In reality, we only observe aggregated data at the grid level, not at atoms:

```{r aggregate_data}
# Aggregate X covariates to X-grid
gridx[["covariate_x_1"]] <- sapply(gridx$ID, function(j) {
  atom_indices <- which(atoms$ID_x == j)
  sum(atoms[["covariate_x_1"]][atom_indices])
})

# Aggregate Y covariates to Y-grid
gridy[["covariate_y_1"]] <- sapply(gridy$ID, function(j) {
  atom_indices <- which(atoms$ID_y == j)
  sum(atoms[["covariate_y_1"]][atom_indices])
})

# Aggregate outcome to Y-grid
gridy$y <- sapply(gridy$ID, function(j) {
  atom_indices <- which(atoms$ID_y == j)
  sum(atoms$y[atom_indices])
})
```

## Step 7: Run ABRM on Real Data

```{r run_abrm_utah}
model_code <- get_abrm_model()

mcmc_results <- run_abrm(
  gridx = gridx,
  gridy = gridy,
  atoms = atoms,
  model_code = model_code,
  
  # Specify covariate distributions
  pois_idx_x = 1,  # X covariate is Poisson
  norm_idx_y = 1,  # Y covariate is Normal
  dist_y = 2,      # Outcome is Poisson
  
  # MCMC settings (increase for real analysis)
  niter = 300000,
  nburnin = 200000,
  nchains = 2,
  seed = 123
)

# View results
summary(mcmc_results)
```

# Understanding Distribution Indices

When you specify covariates, the indices correspond to their positions:

```r
dist_covariates_x = c('normal', 'poisson', 'binomial')
#                       ^1        ^2         ^3

# So you would specify:
norm_idx_x = 1    # First position
pois_idx_x = 2    # Second position  
binom_idx_x = 3   # Third position
```

## Distribution Type Codes

| Code | Distribution | String      | Use Case                |
|------|--------------|-------------|-------------------------|
| 1    | Normal       | 'normal'    | Continuous data         |
| 2    | Poisson      | 'poisson'   | Count/rate data         |
| 3    | Binomial     | 'binomial'  | Proportion/binary data  |

# Troubleshooting

## Common Errors

**Error: "could not find function 'getNimbleOption'"**
- **Solution:** Load `nimble` before calling `get_abrm_model()`: `library(nimble)`

**Error: "unused arguments (res1 = c(5, 5), res2 = c(10, 10))"**
- **Solution:** The `simulate_misaligned_data()` function does not have `res1` or `res2` parameters. Grid resolutions are fixed internally.

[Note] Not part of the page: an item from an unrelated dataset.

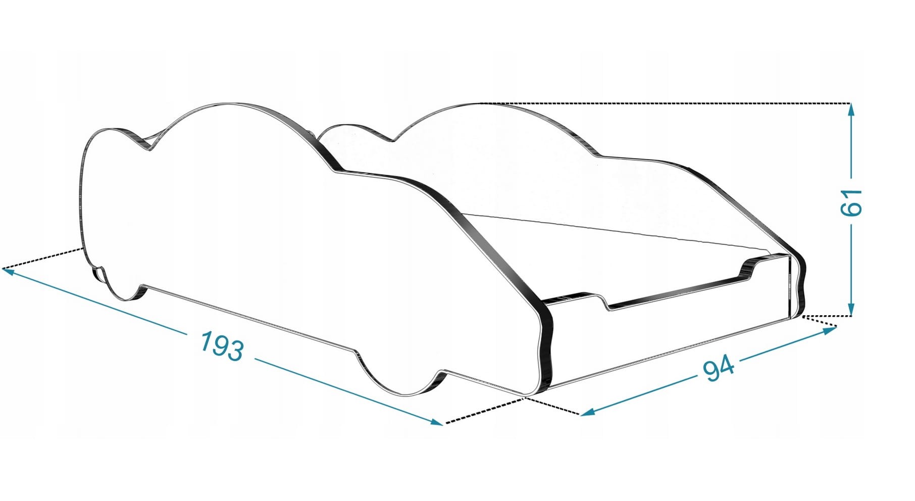 - Wymiary: długość całkowita - 193 cm, szerokość całkowita - 94 cm, wysokość - 61 cm, powierzchnia spania 180x90 cm

**Error: "gridx must contain an area ID variable named 'ID'"**
- **Solution:** Ensure your spatial dataframes have a numeric column named `ID`

# Key Parameters Reference

## Critical Parameters (Don't Omit!)

- `x_intercepts`: Intercepts for X covariates (must match length of `dist_covariates_x`)
- `y_intercepts`: Intercepts for Y covariates (must match length of `dist_covariates_y`)
- `beta0_y`: Outcome model intercept
- `beta_x`: True coefficients for X covariates (if simulating)
- `beta_y`: True coefficients for Y covariates (if simulating)

## MCMC Parameters

- `niter`: Total MCMC iterations per chain (default: 50000)
- `nburnin`: Burn-in iterations to discard (default: 30000)
- `nchains`: Number of independent chains (default: 2)
- `thin`: Thinning interval (default: 10)

## Getting Help

- Function documentation: `?simulate_misaligned_data`, `?run_abrm`
- Report issues: https://github.com/bellayqian/spatialAtomizeR/issues
- Package help: `?spatialAtomizeR`

# Citation

```{r citation, eval = FALSE}
citation("spatialAtomizeR")
```

**Reference:**
Qian, Y., Johnson, N., Krieger, N., & Nethery, R.C. (2026). spatialAtomizeR: Atom-Based Regression Models for Spatially Misaligned Data in R. R package version 0.2.6.